> EXERCISE MATERIAL
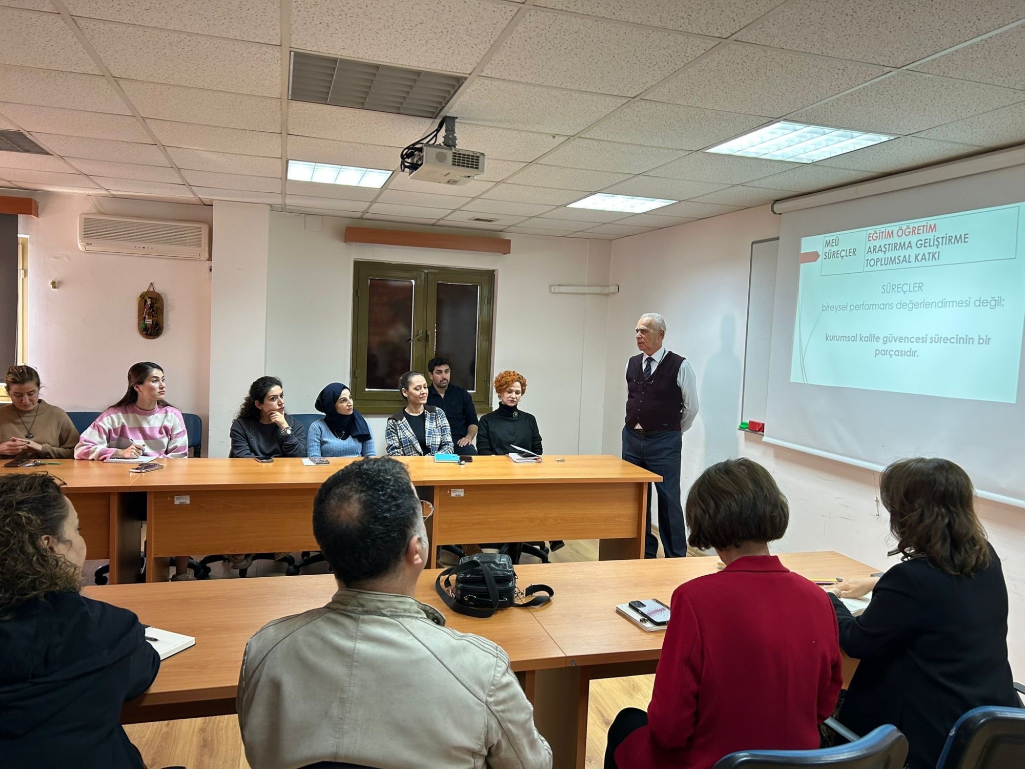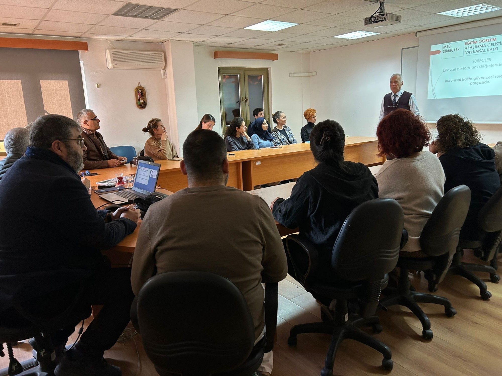 Toplantı, Eğitim-Öğretim Koordinatörlüğü Koordinatörü Prof. Dr. Celil Çakıcı tarafından gerçekleştirildi. Sunumda, öz değerlendirme raporlarının amacı, hazırlanma süreci, program düzeyinde dikkat edilmesi gereken temel ölçütler ve kalite güvencesi süreçleri kapsamlı biçimde ele alındı.
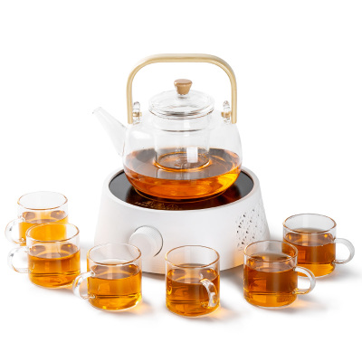 常生源 煮茶器家用电陶炉煮茶壶耐热过滤玻璃提梁泡茶壶烧水壶茶杯功夫茶具套装 白韵电陶炉套组
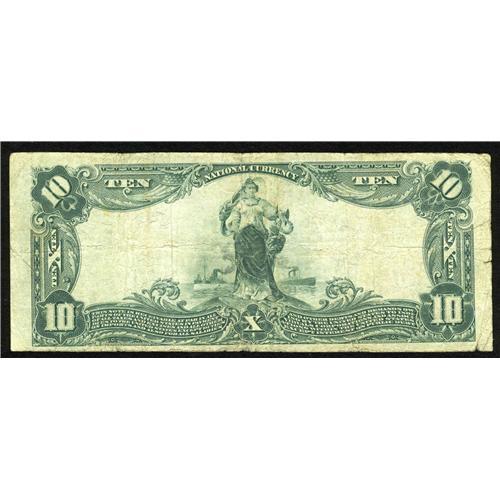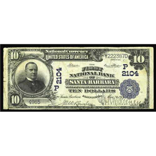 <B>Santa Barbara, CA</B></I> - $10 1902 Plain Back Fr. 629 <B>First National Bank</B></I> Ch. # (P)2104<BR>There is only one $10 1902 Plain Back in the census for this bank and it is not this note. Also, only twelve banks in California issued notes with the Treasury signature combination of Napier-Thompson. This <B>Fine</B></I> note has darkly printed signatures and a couple of left-hand margin tears.
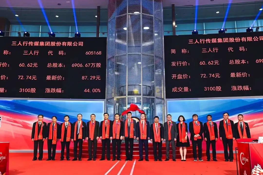 2020年5月28日,三人行传媒集团股份有限公司成功登陆上交所主板。陕西省委常委、宣传部部长牛一兵,陕西省地方金融监督管理局局长苏虎超,西安市委常委、宣传部部长张琳,西安市人民政府党组成员、副市长王勇,兴业证券股份有限公司董事长杨华辉与三人行传媒集团董事长钱俊冬一起,在上海证券交易所上市仪式大厅共同鸣锣开市。
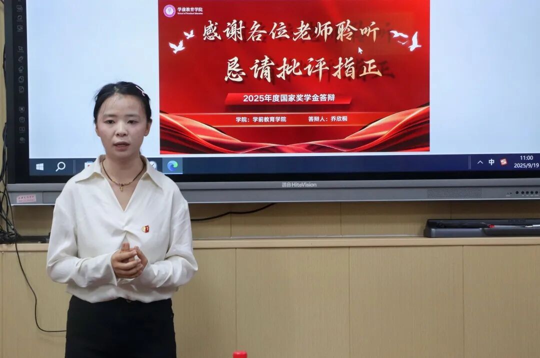 为进一步落实国家奖学金评审工作的“公开、公平、公正”原则,全面展现学前教育学院优秀学子的风采,充分发挥榜样示范引领作用,9月19日上午,学前教育学院召开2025年度国家奖学金院内联合评审会。经过前期政策宣传、学生自愿申请、调查了解、学院初审及材料公示等环节严格遴选,共有6名优秀学生入围本次联评,其中1人因个人原因自愿放弃参评资格,最终5名候选人参与现场展示答辩。
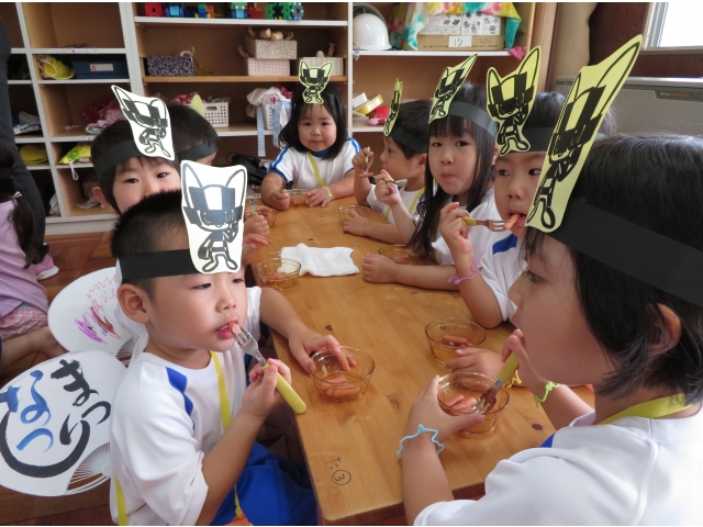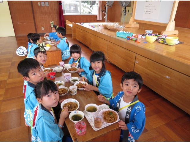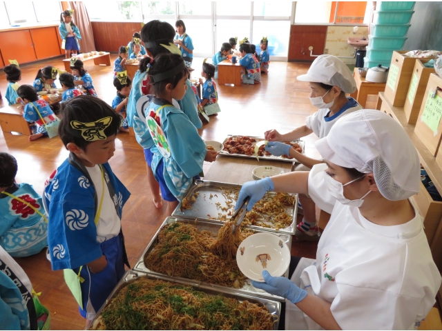 今日の給食は、給食の先生のお店で焼きそばを買います。
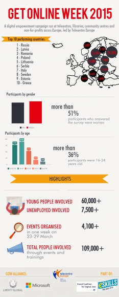 Des de la primera campanya, al 2010, la Get Online Week ha sumat més 160.000 de nous usuaris d'Internet i més de 12 milions d'europeus han sentit parlar de la importància de la capacitació i el gran treball realitzat en els telecentres. En aquesta infografia podeu veure els resultats concrets de l'edició d'enguany:
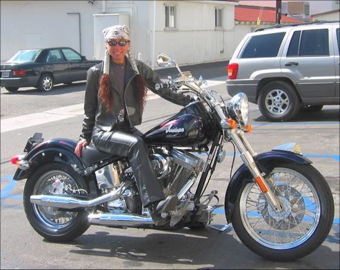 This is "Ananda" (Sanskrit for bliss), my 2002 Indian Scout. It has an S&S 88 Twincam engine and is a 5 speed/beltdrive. Since this picture, I've gotten LOUD pipes (saves lives), heated grips (before you laugh at me can you say that you ride ironbutts, in the rain, cross country trips, have gone over 100 mph, and or have "cold hands/warm heart"?) A cool little feature is the Indian face on my fender lights up! -- K. Lee Kappmeier
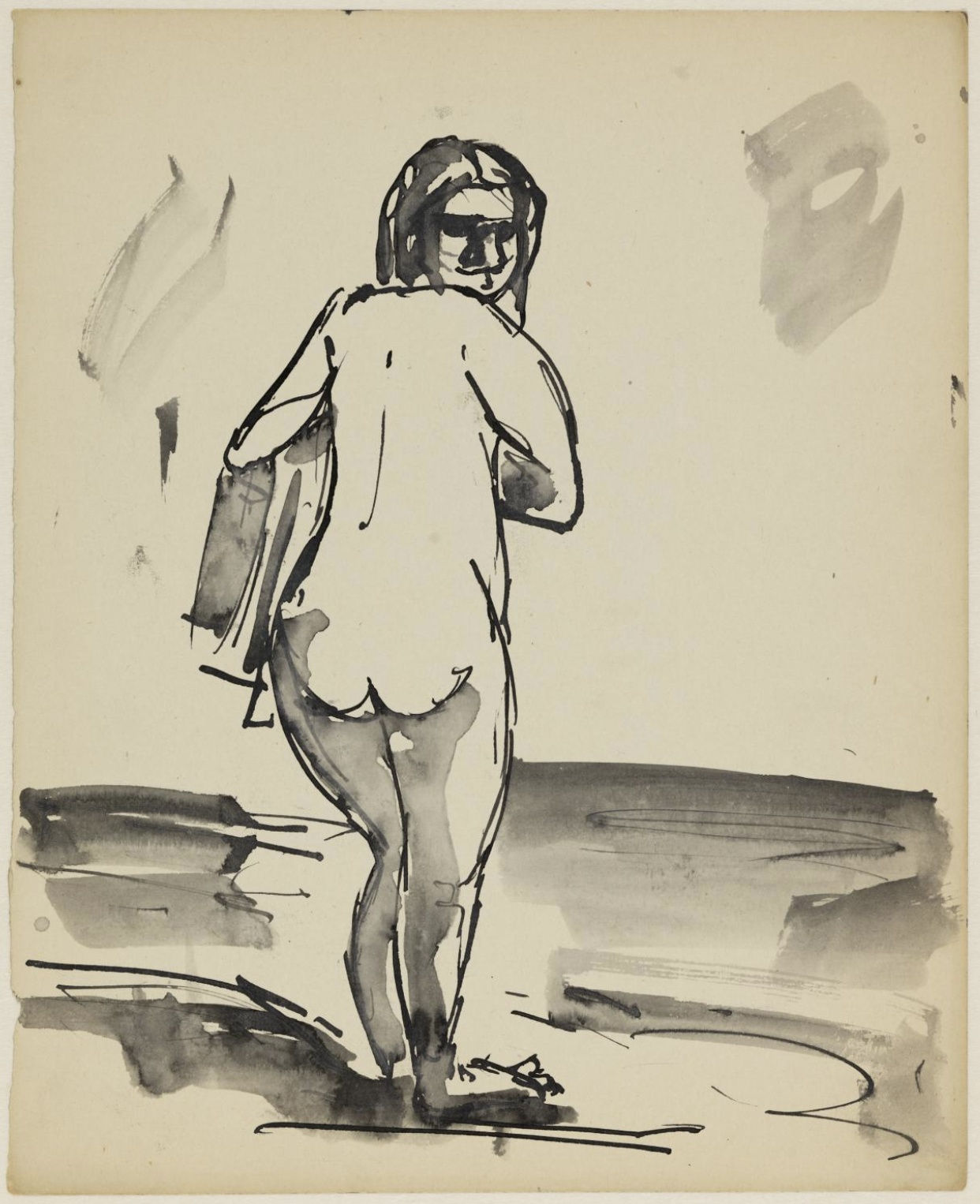 His interest in the female nude began to develop from 1950. There are five ink wash drawings of female nudes by Herman from the early 1950s in the Tate Gallery Archive, donated by the artist in 1983. One of these works is explicitly a study of a woman standing beside the sea along the Gower Coast, an hour’s drive from the artist’s home in Ystradgynlais, and it is likely that the figures in Women on the Shore were also studied from life in Gower. The identity of the women in these wash drawings is difficult to place though it appears that Herman reused figures from the studies. It is possible that Women on the Shore depicts the same woman standing in two different attitudes.
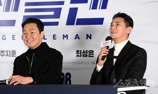 21일 서울 강남구 메가박스 코엑스에서 열린 영화 ‘젠틀맨’ 시사회에서 배우 박성우과 주지훈이 쥐재진의 질문에 대답하고 있다.
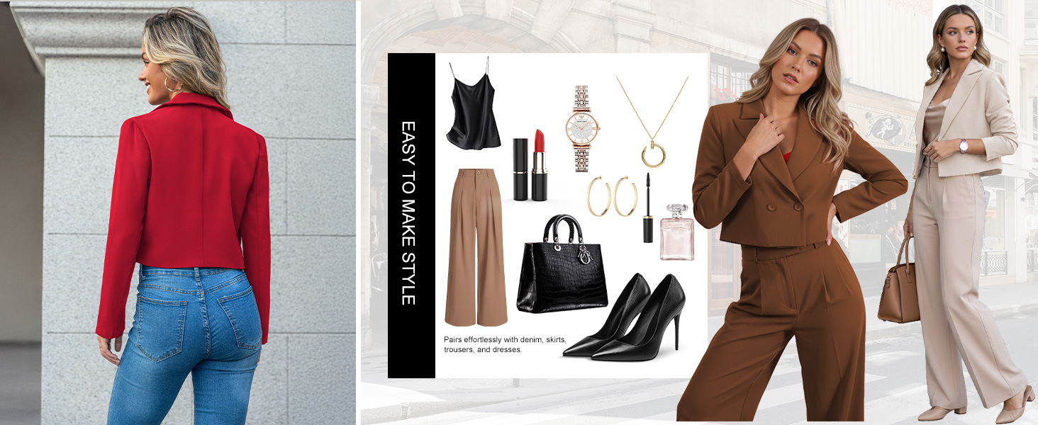 • صُممت هذه السترة القصيرة للنساء بتصميم أقصر، وهي تطيل الساقين بصريًا وتحسن أبعادها، وتوفر مظهرًا عصريًا مخصصًا يرتقي بالملابس اليومية.
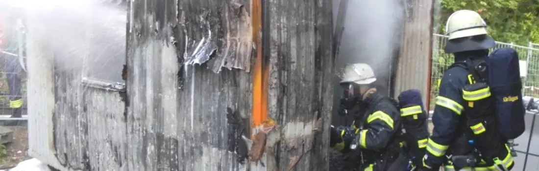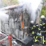 Völlige ausgebrannt ist am frühen Abend des Freitag (15. September) aus bisher ungeklärter Ursache ein neben einem Rohbau in der oberen Frankensteiner Straße in Malchen abgestellter Bauwagen. Die um 19.15 Uhr alarmierte Freiwillige Feuerwehr Seeheim brachte das Feuer nach kurzer Zeit unter Kontrolle. Die Brandbekämpfung musste wegen der starken Rauchentwicklung unter Atemschutz vorgenommen werden. Ein neben dem Bauwagen stehendes Toilettenhäuschen aus Kunststoff wurde durch die Hitzestrahlung in Mitleidenschaft gezogen. Im Zuge der Nachlöscharbeiten kam auch eine Wärmebildkamera zum Aufspüren eventuell noch vorhandener Brandnester zum Einsatz. Nach gut einer Stunde konnte der Einsatz beendet werden. Insgesamt waren 11 Einsatzkräfte mit drei Farzeugen an den Löscharbeiten beteiligt. Weitere ausgerückte Fahrzeuge brauchten nicht mehr eingesetzt zu werden. Verletzt wurde niemand.

> WORK REQUIRED
Look above for the line with "His interest in"; quote it and every line after it, stopping after the line with "يرتقي بالملابس اليومية.", exactly, with nothing added and without pictures.

> WORKED SOLUTION
 His interest in the female nude began to develop from 1950. There are five ink wash drawings of female nudes by Herman from the early 1950s in the Tate Gallery Archive, donated by the artist in 1983. One of these works is explicitly a study of a woman standing beside the sea along the Gower Coast, an hour’s drive from the artist’s home in Ystradgynlais, and it is likely that the figures in Women on the Shore were also studied from life in Gower. The identity of the women in these wash drawings is difficult to place though it appears that Herman reused figures from the studies. It is possible that Women on the Shore depicts the same woman standing in two different attitudes.
 21일 서울 강남구 메가박스 코엑스에서 열린 영화 ‘젠틀맨’ 시사회에서 배우 박성우과 주지훈이 쥐재진의 질문에 대답하고 있다.
 • صُممت هذه السترة القصيرة للنساء بتصميم أقصر، وهي تطيل الساقين بصريًا وتحسن أبعادها، وتوفر مظهرًا عصريًا مخصصًا يرتقي بالملابس اليومية.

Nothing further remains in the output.